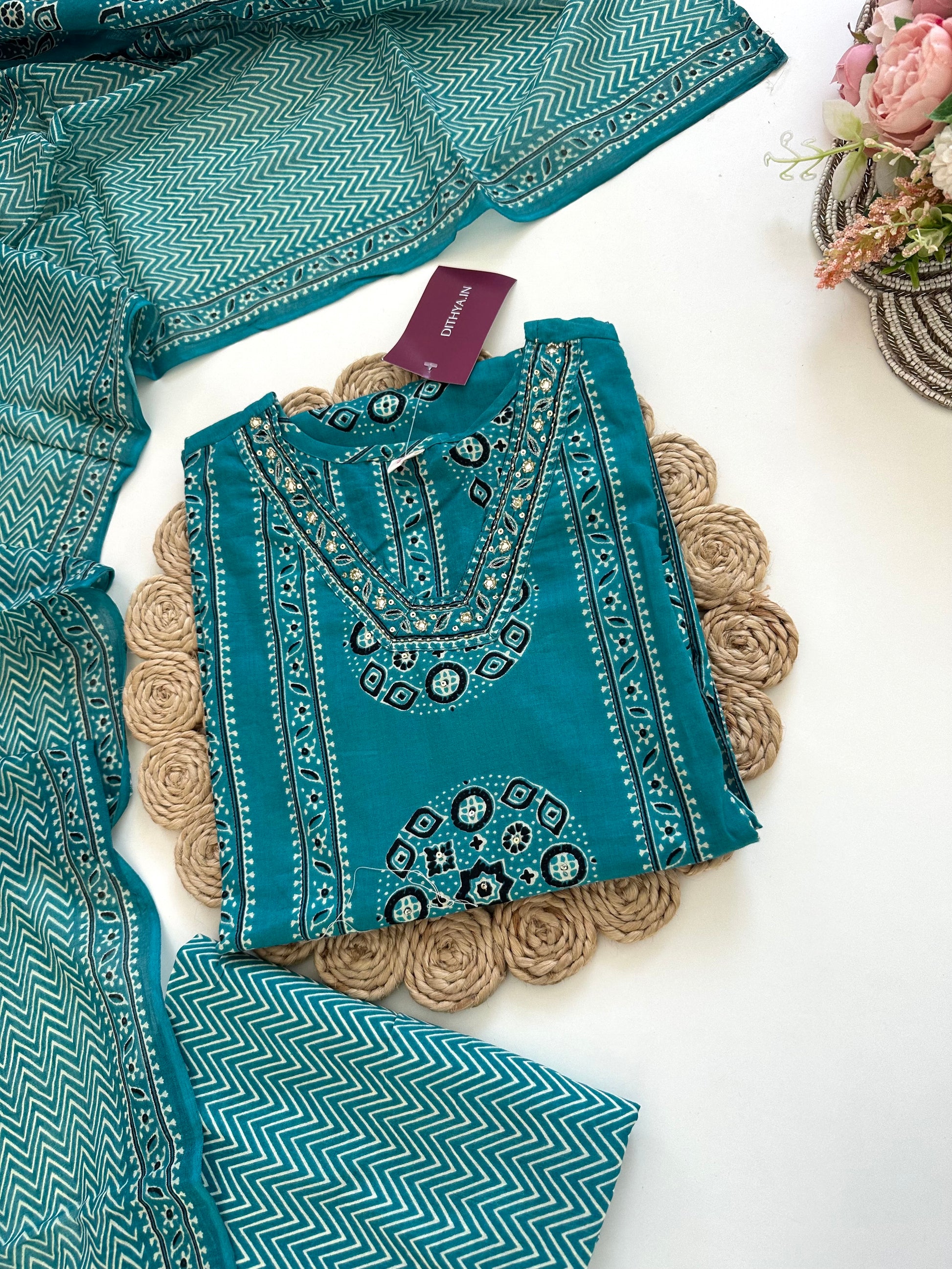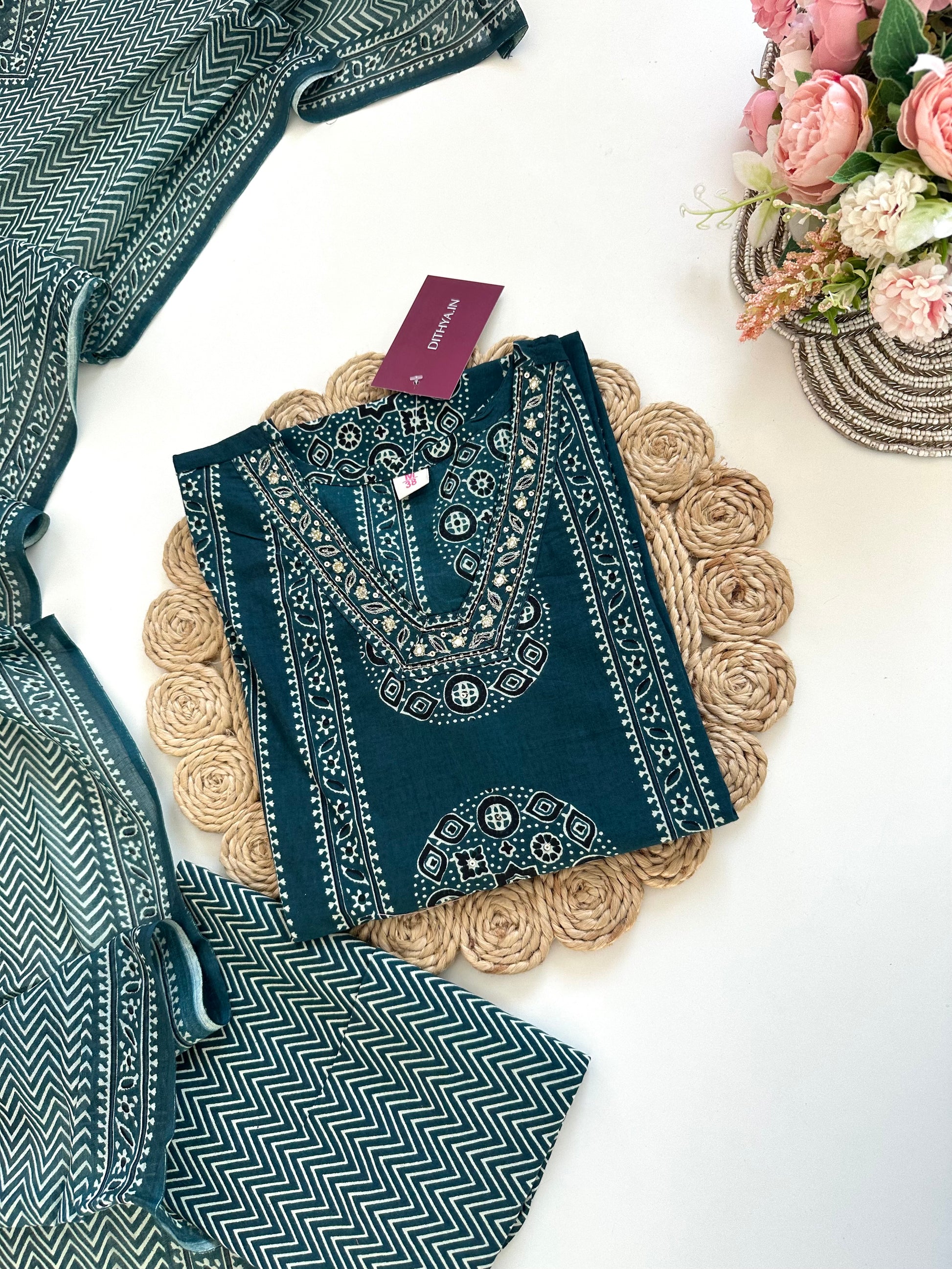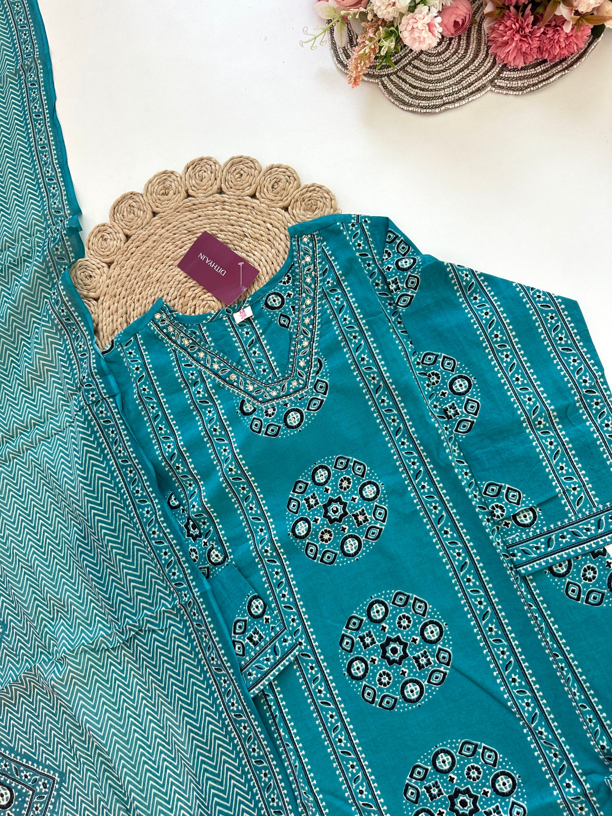 K059 - Cotton Straight kurti with pants and dupatta in 2 colours
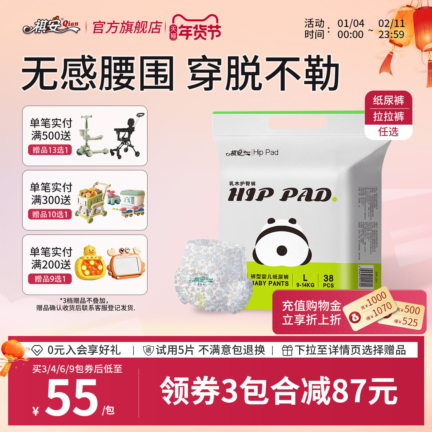祺安乳木果超薄透气小花裤新生儿宝宝通用无感腰围纸尿裤拉拉裤
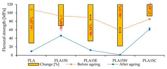 The PLA composite with walnut shells (PLA15W) exhibits the most severe decline in mechanical performance. The tensile strength falls from about 30 MPa to just 0.45 MPa after aging, indicating a 98.5% reduction. This extreme deterioration is probably due to the high hygroscopicity of walnut shells and their weak interfacial adhesion with the polymer matrix, which promotes moisture uptake and microcrack formation.
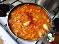 Описание: Яркий насыщенный вкус этих щей не оставит вас равнодушными. Томатный сок и яблоко сделали своё дело! Бульон для этих щей можно взять любой - мясной или овощной. Я варила бульон из индейки.
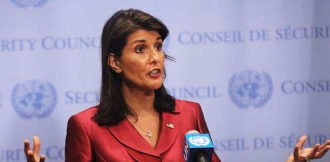 Nikki Haley, merupakan mantan gubernur Carolina Selatan yang aktif mengkritik Donald Trump. Perempuan berusia 46 tahun itu kemudian ditarik Trump untuk menjadi dutabesar untuk PBB pada November 2016, yang dipandang sebagai simbol rekonsiliasi keduanya.

====

● **PROMPT**: Leave out the pictures, and retype exactly the lines from the one containing "The PLA composite" through the last line of the data above, no more and no less.

● **COMPLETED TASK**:
 The PLA composite with walnut shells (PLA15W) exhibits the most severe decline in mechanical performance. The tensile strength falls from about 30 MPa to just 0.45 MPa after aging, indicating a 98.5% reduction. This extreme deterioration is probably due to the high hygroscopicity of walnut shells and their weak interfacial adhesion with the polymer matrix, which promotes moisture uptake and microcrack formation.
 Описание: Яркий насыщенный вкус этих щей не оставит вас равнодушными. Томатный сок и яблоко сделали своё дело! Бульон для этих щей можно взять любой - мясной или овощной. Я варила бульон из индейки.
 Nikki Haley, merupakan mantan gubernur Carolina Selatan yang aktif mengkritik Donald Trump. Perempuan berusia 46 tahun itu kemudian ditarik Trump untuk menjadi dutabesar untuk PBB pada November 2016, yang dipandang sebagai simbol rekonsiliasi keduanya.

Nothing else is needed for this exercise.